12月4日(現地時間)、ヴェルサーチェ(Versace)のクリエイティブディレクターを務めているダリオ・ヴィターレ(Dario Vitale) が、着任からわずか数カ月でブランドを去ることが明らかになった。Business of Fashionの報道によると、退任日は12月12日付で、プラダ・グループ(Prada Group)は今回の決定を「双方の合意によるもの」と説明している。
ヴェルサーチェ以前のヴィターレは、ミュウミュウ(Miu Miu)でキャリアを築き、ミウッチャ・プラダ(Miuccia Prada) の右腕として長年デザインを支えてきた。プラダ グループにおける豊富な経験を持つ彼の起用は、当初からブランド刷新の象徴として受け止められていた。

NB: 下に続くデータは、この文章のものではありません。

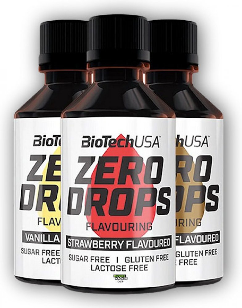 BioTech Zero Drops je bezkalorické tekuté sladidlo na bázi sukralózy dostupné v různých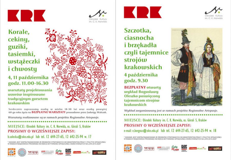 Serdecznie zapraszamy pasjonatów tradycji i stroju ludowego oraz rękodzieła i inspiracji nimi, na bezpłatne: wykład i dwudniowe warsztaty, które odbędš się w ramach Regionalnych Artepasji w Orodku Kultury im. C.K. Norwida w Krakowie ( os. Górali 5). W wykładzie mogš wzišć udział osoby w każdym wieku. Warsztaty kierowane sš do osób między 18-tym a 30-tym rokiem życia oraz seniorów po 60-tce.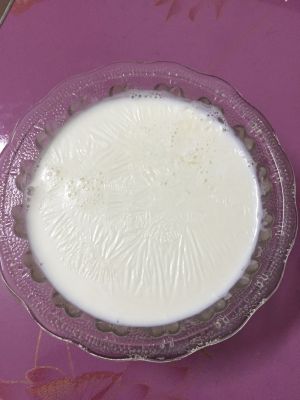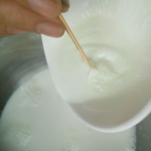 这时候牛奶应该结成了一层奶皮 用筷子将奶皮戳破 使牛奶溢到奶皮的上面 稍微留一点牛奶在碗里 防止奶皮粘在碗上 剩下的倒出在另一个碗里

また就任時には、ブランド史上初となる“ファミリー外のクリエイティブ指揮官”として大きな注目を集めたが、9月のミラノ・ファッションウィークで発表したコレクションが、惜しくも最初にして最後のランウェイとなった。
そのデビューコレクションでは、鮮やかなデニム、装飾的なブラトップ、タイトで彫刻的なシルエットといった、ブランドのDNAをヴィターレ流に再構築したルックが並んだ。1980年代の美学を現代的に再解釈したプロポーションと素材使いが際立ち、主要リテーラーからの評価も高かったとされている。
プラダによる買収完了直後の退任発表
今回の退任発表は、プラダ・グループがカプリ・ホールディングス(Capri Holdings)からヴェルサーチェを、12億5,000万ユーロで正式に買収したわずか2日後に行われたものだ。
買収完了を受け、グループの後継者である ロレンツォ・ベルテッリ(Lorenzo Bertelli) が、ヴェルサーチェのエグゼクティブ・チェアマンに就任。トップマネジメントを刷新し、新たな組織体制へと移行する布石が打ち出されている。
なお、ヴィターレ後任について、「新たなクリエイティブ体制は適切な時期に発表される」とコメント。新体制が整うまでの間、デザインチームはエマニュエル・ギンツバーガー(Emmanuel Gintzburger) CEOの指揮下で業務を継続するとされる。